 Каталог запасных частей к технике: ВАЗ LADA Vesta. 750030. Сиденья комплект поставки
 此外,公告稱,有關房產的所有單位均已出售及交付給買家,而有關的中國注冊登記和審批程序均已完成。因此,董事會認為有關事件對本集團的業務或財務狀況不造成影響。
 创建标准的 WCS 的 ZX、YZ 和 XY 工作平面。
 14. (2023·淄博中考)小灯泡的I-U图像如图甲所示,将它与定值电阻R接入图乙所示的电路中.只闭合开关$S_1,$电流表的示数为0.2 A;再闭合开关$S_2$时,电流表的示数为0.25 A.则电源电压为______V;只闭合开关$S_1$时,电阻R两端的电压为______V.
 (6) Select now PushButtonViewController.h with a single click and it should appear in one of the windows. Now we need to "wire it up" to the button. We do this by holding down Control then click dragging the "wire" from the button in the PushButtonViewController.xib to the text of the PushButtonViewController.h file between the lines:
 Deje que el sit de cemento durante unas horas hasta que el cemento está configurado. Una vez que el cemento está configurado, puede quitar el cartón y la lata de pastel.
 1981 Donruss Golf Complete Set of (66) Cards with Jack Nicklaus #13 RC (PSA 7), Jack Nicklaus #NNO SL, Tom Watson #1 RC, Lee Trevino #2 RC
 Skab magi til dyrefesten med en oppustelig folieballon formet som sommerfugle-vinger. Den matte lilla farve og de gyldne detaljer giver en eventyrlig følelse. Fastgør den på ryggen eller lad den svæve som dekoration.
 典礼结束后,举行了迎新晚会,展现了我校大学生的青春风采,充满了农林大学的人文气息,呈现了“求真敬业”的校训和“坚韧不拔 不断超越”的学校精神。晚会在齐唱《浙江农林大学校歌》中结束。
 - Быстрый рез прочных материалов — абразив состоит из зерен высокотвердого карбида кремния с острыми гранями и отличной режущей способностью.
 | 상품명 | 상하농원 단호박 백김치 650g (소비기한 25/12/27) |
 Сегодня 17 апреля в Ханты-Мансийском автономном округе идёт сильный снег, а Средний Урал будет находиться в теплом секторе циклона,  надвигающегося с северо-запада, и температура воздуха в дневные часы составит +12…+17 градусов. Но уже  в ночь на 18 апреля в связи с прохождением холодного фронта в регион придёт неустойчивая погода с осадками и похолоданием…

=======

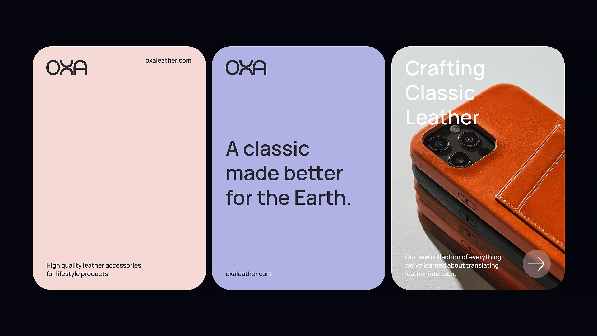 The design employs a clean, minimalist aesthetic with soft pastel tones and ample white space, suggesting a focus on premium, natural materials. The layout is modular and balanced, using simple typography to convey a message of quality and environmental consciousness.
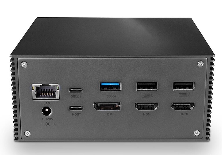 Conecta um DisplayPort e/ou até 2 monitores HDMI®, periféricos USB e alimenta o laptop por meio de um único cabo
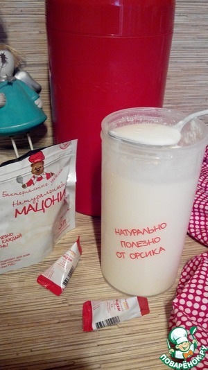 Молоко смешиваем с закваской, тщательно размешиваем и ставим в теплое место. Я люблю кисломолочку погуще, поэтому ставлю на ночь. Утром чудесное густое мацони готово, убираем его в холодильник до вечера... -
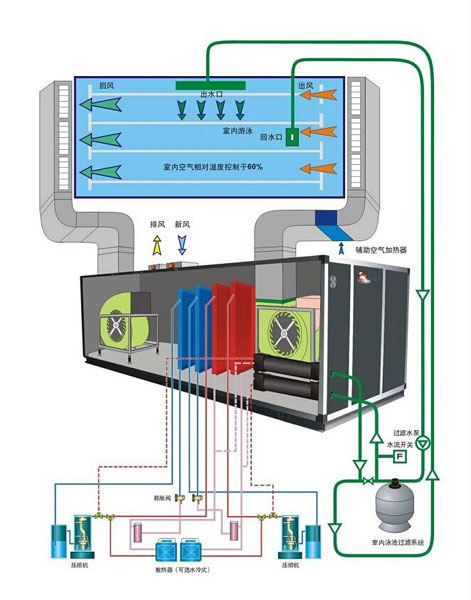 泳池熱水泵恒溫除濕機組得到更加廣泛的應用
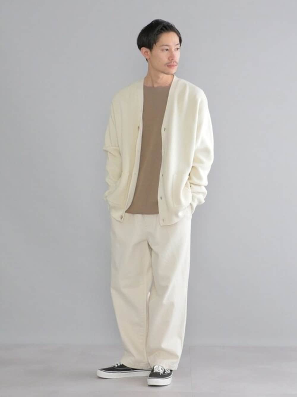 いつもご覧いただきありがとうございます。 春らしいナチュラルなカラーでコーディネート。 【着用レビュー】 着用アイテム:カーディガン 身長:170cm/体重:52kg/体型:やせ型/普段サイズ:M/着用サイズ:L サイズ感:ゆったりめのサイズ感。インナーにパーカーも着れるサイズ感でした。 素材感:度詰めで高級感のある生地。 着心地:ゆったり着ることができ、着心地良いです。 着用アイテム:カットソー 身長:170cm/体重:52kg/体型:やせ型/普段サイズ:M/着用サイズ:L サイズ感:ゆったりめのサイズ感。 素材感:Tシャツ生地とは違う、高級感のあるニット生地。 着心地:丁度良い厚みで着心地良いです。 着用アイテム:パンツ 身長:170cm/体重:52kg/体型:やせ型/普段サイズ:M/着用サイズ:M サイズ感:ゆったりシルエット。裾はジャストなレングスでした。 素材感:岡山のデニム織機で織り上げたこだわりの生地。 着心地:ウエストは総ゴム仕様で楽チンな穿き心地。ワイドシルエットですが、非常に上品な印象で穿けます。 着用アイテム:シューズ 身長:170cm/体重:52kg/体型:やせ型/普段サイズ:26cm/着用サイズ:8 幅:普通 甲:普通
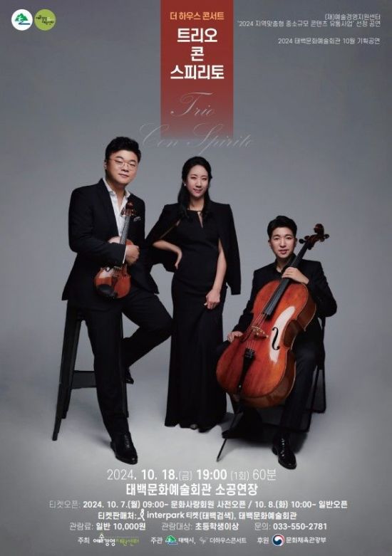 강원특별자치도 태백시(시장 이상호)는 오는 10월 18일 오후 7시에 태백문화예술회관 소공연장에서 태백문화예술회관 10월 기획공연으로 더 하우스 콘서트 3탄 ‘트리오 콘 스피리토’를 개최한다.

=======

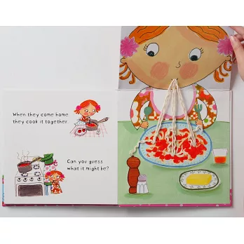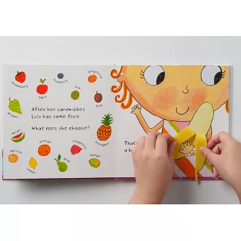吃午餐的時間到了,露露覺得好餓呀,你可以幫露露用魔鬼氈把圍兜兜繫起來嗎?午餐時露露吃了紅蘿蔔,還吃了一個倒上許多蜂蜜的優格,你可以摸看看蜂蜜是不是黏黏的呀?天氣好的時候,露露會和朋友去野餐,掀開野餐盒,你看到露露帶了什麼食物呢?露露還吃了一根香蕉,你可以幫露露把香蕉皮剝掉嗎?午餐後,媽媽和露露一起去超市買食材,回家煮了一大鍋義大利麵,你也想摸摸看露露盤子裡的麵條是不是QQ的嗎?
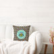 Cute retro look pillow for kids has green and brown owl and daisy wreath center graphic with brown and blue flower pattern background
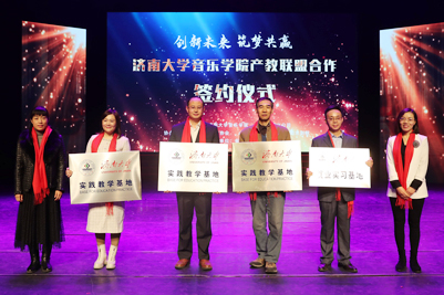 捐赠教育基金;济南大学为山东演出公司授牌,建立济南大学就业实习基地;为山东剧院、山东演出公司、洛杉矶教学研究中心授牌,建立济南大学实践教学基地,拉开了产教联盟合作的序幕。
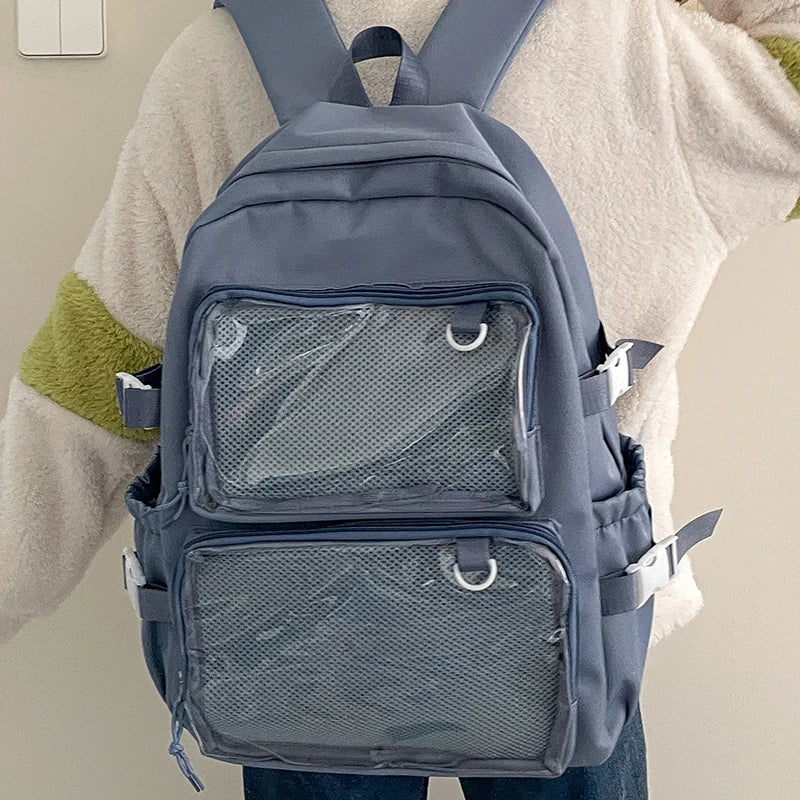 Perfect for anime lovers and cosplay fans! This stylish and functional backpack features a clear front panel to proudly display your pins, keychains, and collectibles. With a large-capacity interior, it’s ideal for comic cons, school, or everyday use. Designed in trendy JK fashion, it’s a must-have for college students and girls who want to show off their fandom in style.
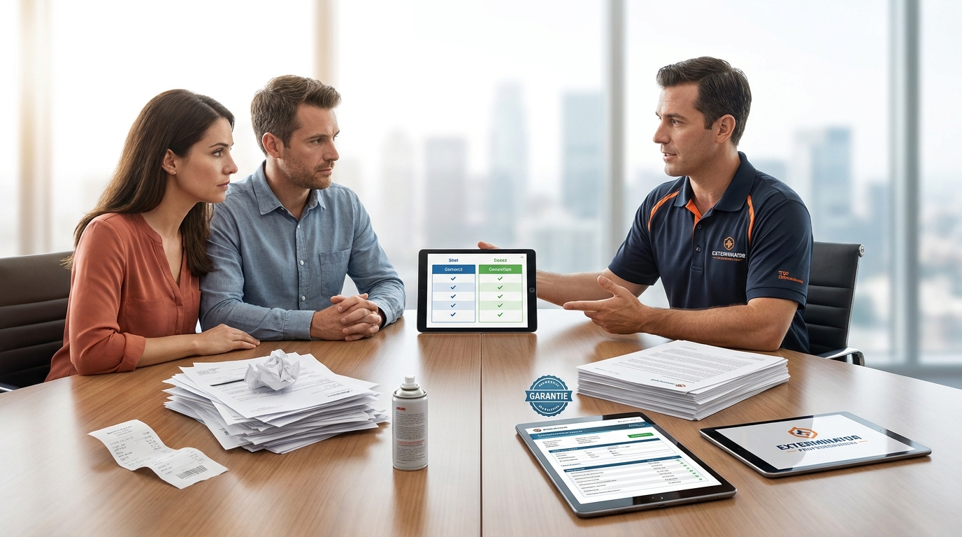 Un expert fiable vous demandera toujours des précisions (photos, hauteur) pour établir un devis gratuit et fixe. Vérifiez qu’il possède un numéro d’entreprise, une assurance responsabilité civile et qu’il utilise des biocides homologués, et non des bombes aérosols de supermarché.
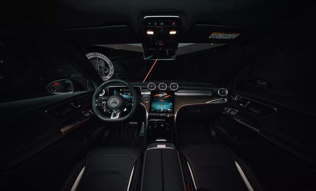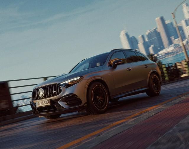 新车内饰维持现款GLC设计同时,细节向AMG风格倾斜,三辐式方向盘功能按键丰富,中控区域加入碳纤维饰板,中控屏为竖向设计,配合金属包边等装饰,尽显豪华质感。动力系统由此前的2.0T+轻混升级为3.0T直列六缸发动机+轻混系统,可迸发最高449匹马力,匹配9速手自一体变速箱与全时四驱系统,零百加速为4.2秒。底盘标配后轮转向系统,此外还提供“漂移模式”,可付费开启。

=======

Give again exactly, and only, the lines above starting at the one with "Каталог запасных частей" and ending at the one with "Deje que el".

 Каталог запасных частей к технике: ВАЗ LADA Vesta. 750030. Сиденья комплект поставки
 此外,公告稱,有關房產的所有單位均已出售及交付給買家,而有關的中國注冊登記和審批程序均已完成。因此,董事會認為有關事件對本集團的業務或財務狀況不造成影響。
 创建标准的 WCS 的 ZX、YZ 和 XY 工作平面。
 14. (2023·淄博中考)小灯泡的I-U图像如图甲所示,将它与定值电阻R接入图乙所示的电路中.只闭合开关$S_1,$电流表的示数为0.2 A;再闭合开关$S_2$时,电流表的示数为0.25 A.则电源电压为______V;只闭合开关$S_1$时,电阻R两端的电压为______V.
 (6) Select now PushButtonViewController.h with a single click and it should appear in one of the windows. Now we need to "wire it up" to the button. We do this by holding down Control then click dragging the "wire" from the button in the PushButtonViewController.xib to the text of the PushButtonViewController.h file between the lines:
 Deje que el sit de cemento durante unas horas hasta que el cemento está configurado. Una vez que el cemento está configurado, puede quitar el cartón y la lata de pastel.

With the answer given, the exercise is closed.